When we recognise the kind of edges we come up against in ourselves in such a process, what would be the kind of learning experience needed in training which would maximise a student’s readiness to travel to such places in their practice?

As students, partly depending upon our own previous experience of being clients and our resulting understanding of the therapeutic process, we go through a series of common thresholds in our capacity to engage with the our client’s conflicts and pain, our willingness to be drawn into these conflicts, our ability to learn from within these conflict zones, and then how to make all of that useful to the client’s process.

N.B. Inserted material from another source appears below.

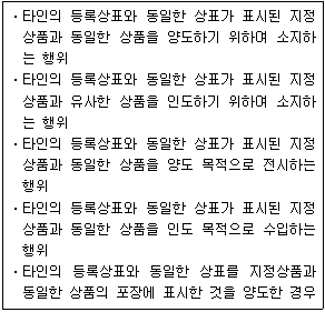 다음 중 상표법 제89조(상표권의 효력)에 규정된 상표권자의 독점할 권리의 범위를 침해하는 것은 모두 몇 개인가? (단, 다음의 행위들은 정당한 권원이 없는 것으로 간주함)

These thresholds resemble the steps which I formulated in 2005 when I wrote about how the client’s wound enters the consulting room (today I would prefer to formulate it as: client’s wounding enters the consulting room).
The client’s wounding comes into the consulting room and enters the ...
... client’s ‘here & now’ experience as non-verbal process
... client’s perception of the therapist   ( = transference)
... client’s bodymind experience of the therapist   ( = embodied transference)
... therapist’s awareness   ( = situational countertransference)
... therapist’s bodymind experience   ( = embodied countertransference)
... supervisor’s experience   ( = ‘parallel process’)

At around the same time I also worked out a possible curriculum for a training (which might have become the blueprint for a successor of the Chiron training after its closure). And a couple of years later I proposed the associated idea of the three relational revolutions (treatment -> transference -> countertransference -> enactment). My plan for the book is to combine these various proposals now – more than 10 years later - with the benefit of further development and a lot more teaching experience, which gives me some sense how therapists can make use of these ideas in their continuing professional development.

So my intention is to write the integrative, integral, relational, embodied textbook for 21st-century psychotherapy, mainly focused not so much on establishing the validity of these principles (which many others have done by now), but mostly on how we apply them in practice, and how we would maximise our learning as students in those domains.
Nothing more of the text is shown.